Некоторые наиболее благоразумные люди поняли, как много зла это могло бы принести при нынешних обстоятельствах, так как часто среди греков, живущих в Венеции, находятся шпионы, обо всем доносящие неверным.
Московиты, получив от республики в дар золотые цепи большого веса, сказали своему переводчику: «Иди к дожу и скажи, чтобы он прислал нам парчи и других вещей из своей сокровищницы». Но переводчик, человек порядочный, не согласился на это.

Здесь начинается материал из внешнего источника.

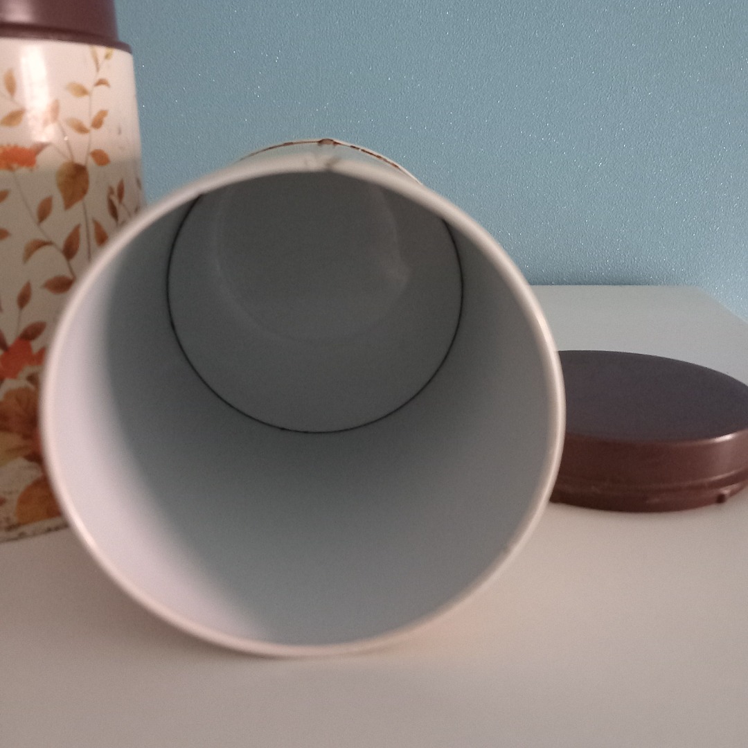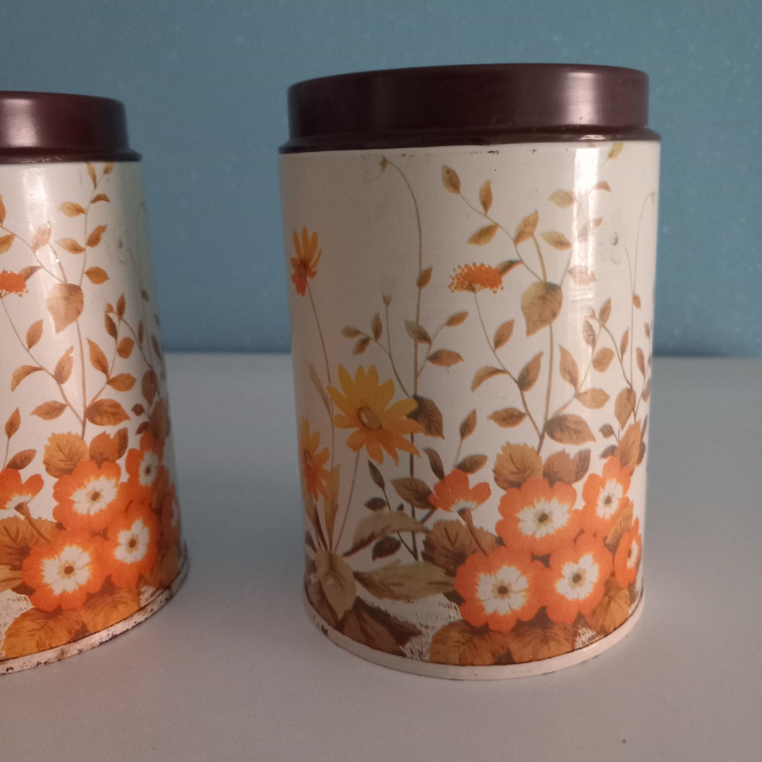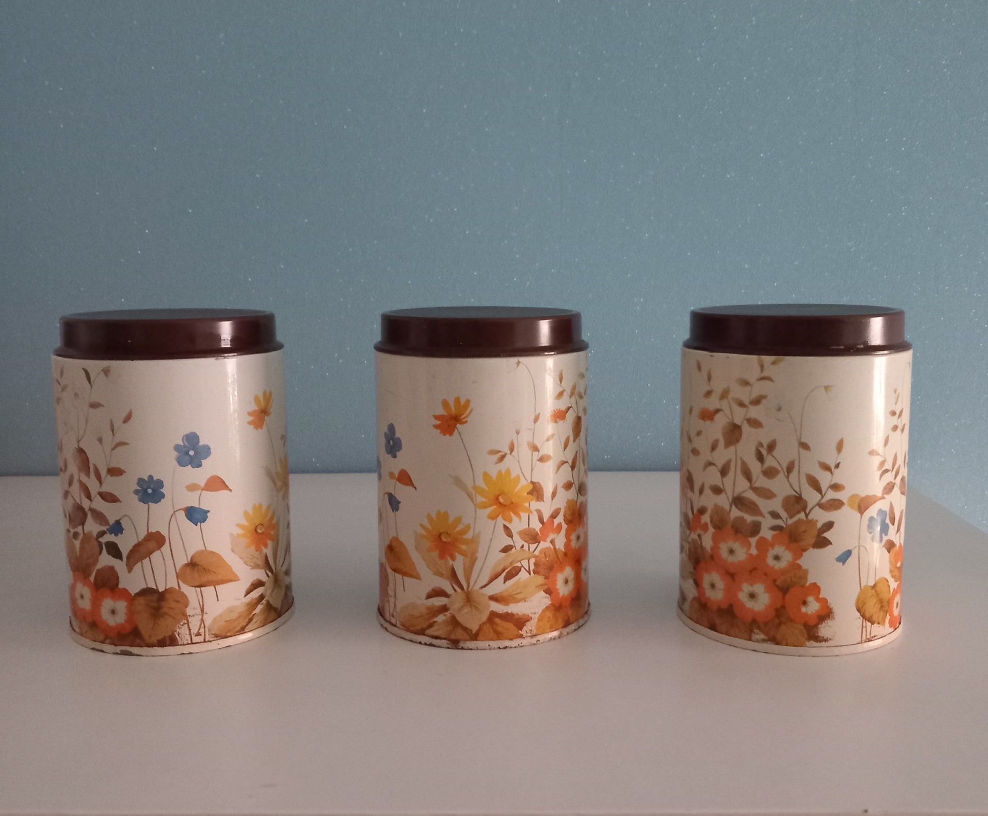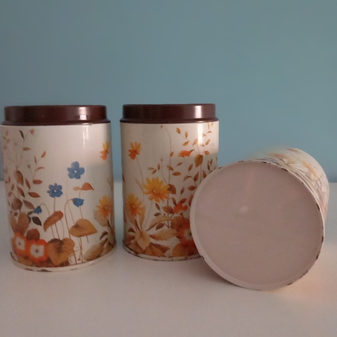 3 Blikjes met hetzelfde bloemendecor en bruine deksel. Ze zijn 11 cm hoog en de doorsnee is 7,5 cm.
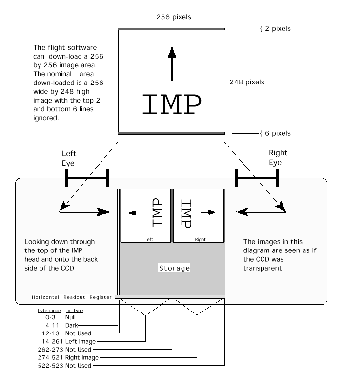The onboard data processing stream begins by dropping the anti-blooming gates to clear charge in the imaging area of the 512 square CCD, which comprises only the upper 256 rows. Designed for stereo imaging, the first 256 columns in the imaging area correspond to the left image and the second 256 columns are reserved for the right image. Exposure begins when the anti-blooming gates are raised and electrons begin to accumulate in the pixel charge wells. At the end of the set exposure time, the image is shifted row by row to the lower 256 rows in the CCD that make up the storage area, taking less than 0.5 milliseconds. During this time additional electrons build up in the active area, causing the last row transferred to have a longer exposure than the first. The DN's are then read out to the frame buffer board, which takes about 1.25 seconds, and digitized to 12 bits. Optionally, a zero-exposed frame can be subtracted at this point. One complete set of left and right IMP images can remain in the frame buffer board long enough to be read by the onboard computer into main memory. This frame transfer capability of the CCD avoids the need for a mechanical shutter by effectively working as an electronic shutter. The complete transfer time is referred to as the 'shutter effect'.
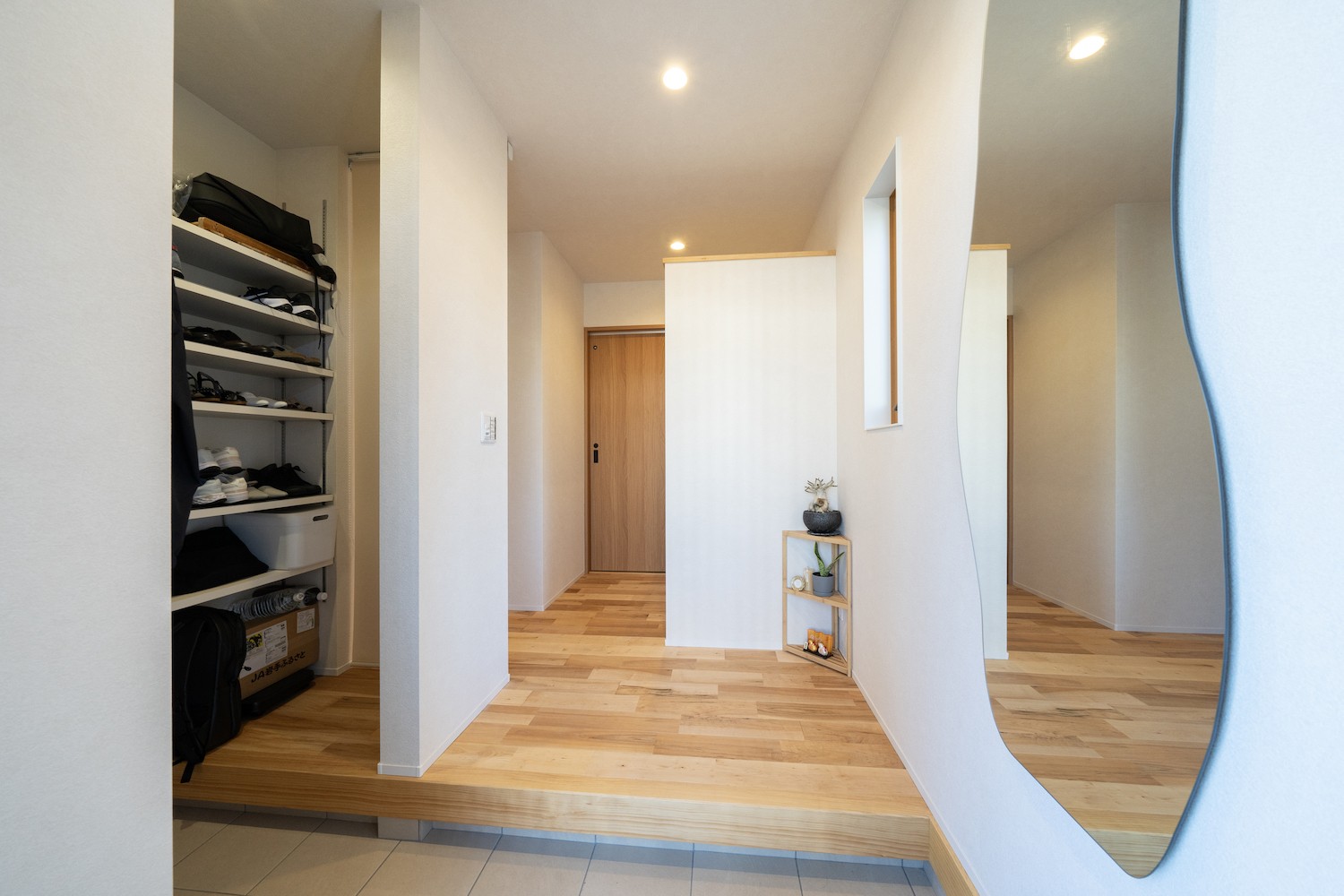 玄関からホールへは2か所から上がることができます。収納は隠しつつ、玄関から直接アクセスができるので、片づけやすく取り出しやすい収納スペースです◎
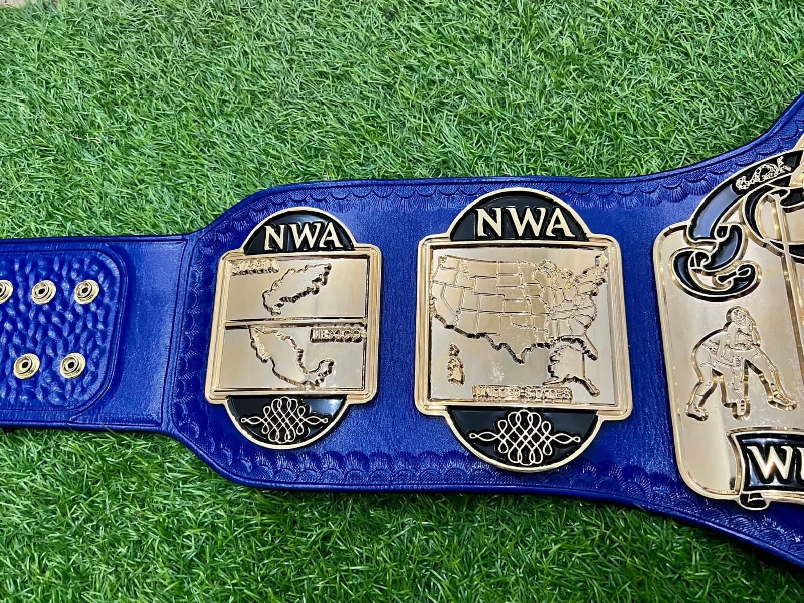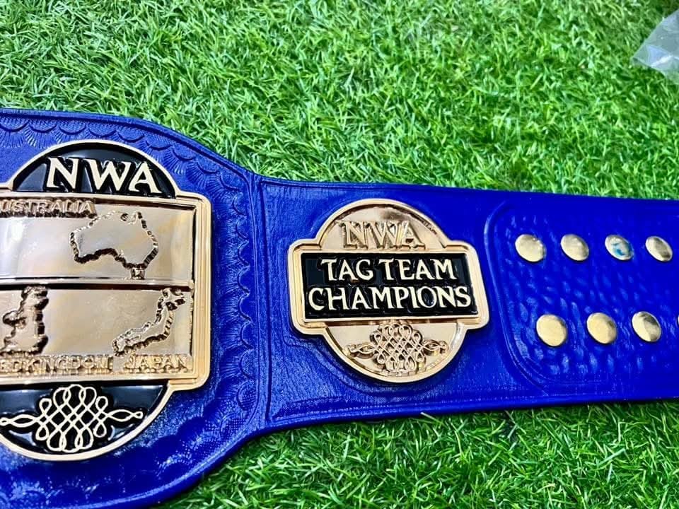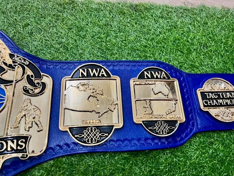Premium quality NWA World Tag Team Wrestling Championship Belt crafted with durable 4MM CNC thick zinc alloy 24K GOLD plates and finished in high-polish gold plating. This belt features a stunning blue globe center design with detailed side plates and a deep blue leather strap, making it perfect for collectors, wrestling fans, display, or promotion use.

Из Венеции мы направились в Феррару, а оттуда прибыли в Болонью, где по приказанию вашего святейшества московским послам были представлены самым щедрым образом доказательства отеческой любви со стороны светлейшего кардинала легата Чези: были закрыты Лавки и оказаны совершенно необыкновенные почести. Другие светлейшие легаты, Верчелли в Эмилии, Колонна в Вицене, позаботились о том же самом. Сначала навстречу московским послам выходили из городов отряды солдат, затем магистрат подходил к воротам, оттуда с величайшим почетом их вели ко дворцу при залпах из пушек и при звуках флейт, устраивались обеды и роскошные пиры. Предупрежденные заранее, знатные люди, у которых московиты довольно дерзко выпрашивали разные вещи, перестали легко на это соглашаться, так что московиты стали держать себя в пределах благопристойности.
Когда мы были в Римини в доме префекта города, они убрали святые образа, чтобы на их месте поместить свои, маленькие, расписанные по греческому образцу. Мы, убрав эти последние, поставили прежние [на место], чтобы в среде католиков они не действовали столь дерзко. Поэтому позже они стали вести себя менее своевольно.
Оттуда мы прибыли на место, прославленное святой девой лорет-тской и большим стечением народа[199]. Здесь они имели возможность узнать предания о чудесах, увидеть толпы паломников и постоянные молебствия.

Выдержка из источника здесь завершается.